Dans les économies avancées, la situation n’est guère plus simple. L’indépendance des banques centrales, longtemps considérée comme un pilier intangible du consensus économique occidental, est désormais contestée. Aux États-Unis, les pressions politiques sur la Réserve fédérale se font plus explicites, tandis qu’en Europe, la Banque centrale européenne doit composer avec des gouvernements confrontés à des niveaux d’endettement qui limitent leur marge de manœuvre budgétaire. Le retour de l’inflation, phénomène que l’on croyait relégué aux manuels d’histoire économique, a révélé la fragilité d’un modèle reposant sur des décennies de taux bas et d’abondance de liquidité.
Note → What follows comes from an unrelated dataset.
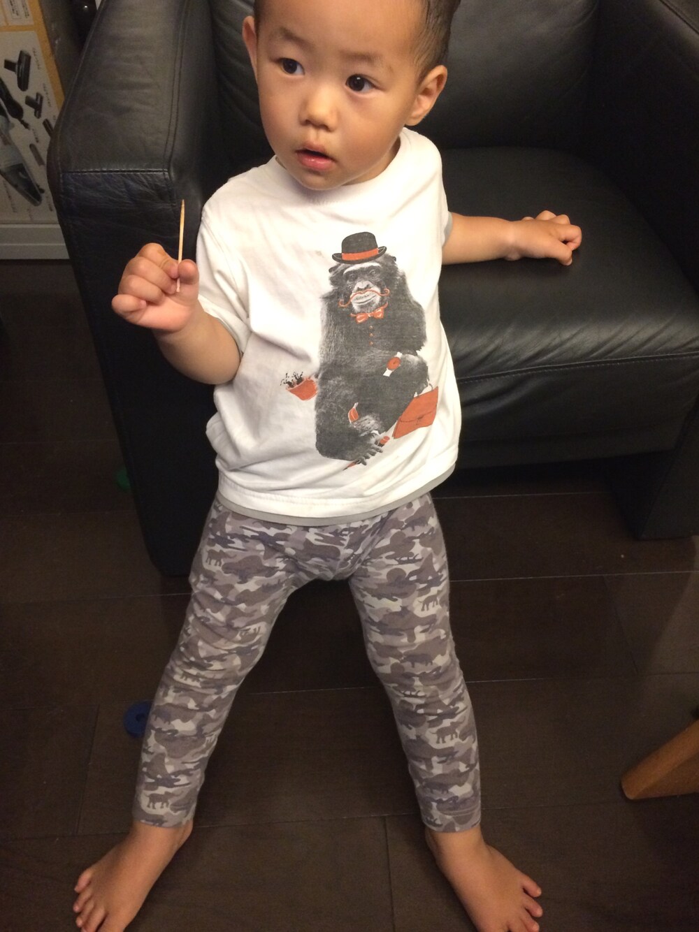リサイクルショップで一枚50円でTシャツ2枚とシャツ1枚ゲット! これは重ね着風でおしゃれ。サイズ92cmでぴったりだし。ヘビロテしそう。

Cette recomposition se déroule dans un contexte où les marchés financiers peinent à interpréter les signaux envoyés par les autorités monétaires. La synchronisation apparente des décisions, statu quo généralisé, prudence extrême, communication calibrée, masque des divergences profondes entre économies. Le Japon, après des décennies de politique ultra accommodante, amorce un virage historique. La Suisse surprend par des ajustements rapides. La Chine, confrontée à une croissance hésitante, privilégie la stabilité au détriment de l’orthodoxie monétaire. Quant à la Fed, elle avance sur une ligne de crête, tentant de contenir l’inflation sans déclencher un ralentissement brutal.
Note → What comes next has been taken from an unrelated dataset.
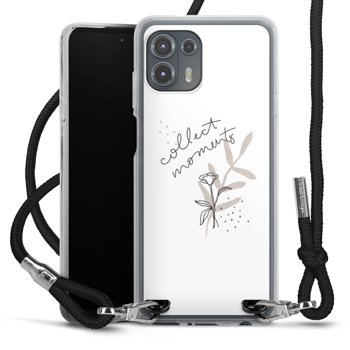 Keep your phone handy at all times, thanks to the flexible silicone case with a textile strap.

L’enjeu dépasse largement la technique monétaire. Il touche à la capacité des États à financer leur modèle social, à soutenir leur appareil productif et à préserver leur autonomie stratégique. Dans un environnement où les tensions géopolitiques se multiplient, du Moyen-Orient à l’Indopacifique, la politique monétaire devient un outil de puissance, parfois discret, souvent décisif. Les banques centrales, longtemps perçues comme des institutions technocratiques, se retrouvent au cœur d’un jeu où se mêlent intérêts nationaux, rivalités de blocs et recomposition des alliances économiques.
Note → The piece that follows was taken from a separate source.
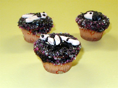 | 30 mini cupcakes for Alec's 4th birthday school class . They are vanilla with a dipped chocolate glaze and sugar crystal sprinkles. On top are chocolate wafer "bugs." Lesson learned: "Fill mini muffin cups with a pastry bag -- one air bubble in a cupcake and it's totally unstable." | The repeat of the whale cake for Alec's 4th birthday. He likes pink. Devil's food cake with butter/shortening icing. Compare to the one above -- I'm getting more agressive with the decorating. Lesson learned: "Small children always want a piece with whale icing on it -- so make the main decoration big. " |

La question centrale, désormais, n’est plus de savoir si les banques centrales doivent rester indépendantes, mais comment elles peuvent exercer leur mandat dans un monde où la neutralité économique n’a, en réalité, jamais existé. L’intégration profonde des chaînes de valeur mondiales, souvent ancrées dans des pays où les droits sociaux sont fragiles et les standards démocratiques incertains, a créé un environnement structurellement asymétrique. Les économies avancées, qui ont externalisé une part essentielle de leur production vers des juridictions à faibles coûts et faibles protections, se retrouvent engagées dans une compétition où les règles ne sont pas les mêmes pour tous. Dans un tel contexte, les banques centrales occidentales ne peuvent qu’imparfaitement stabiliser un système dont les fondations reposent sur des arbitrages sociaux et géopolitiques qui les dépassent largement. La frontière entre stabilité monétaire et stratégie géopolitique s’estompe, et avec elle l’idée d’un ordre financier global fondé sur des règles communes. Ce basculement, encore sous-estimé, pourrait bien définir la prochaine décennie.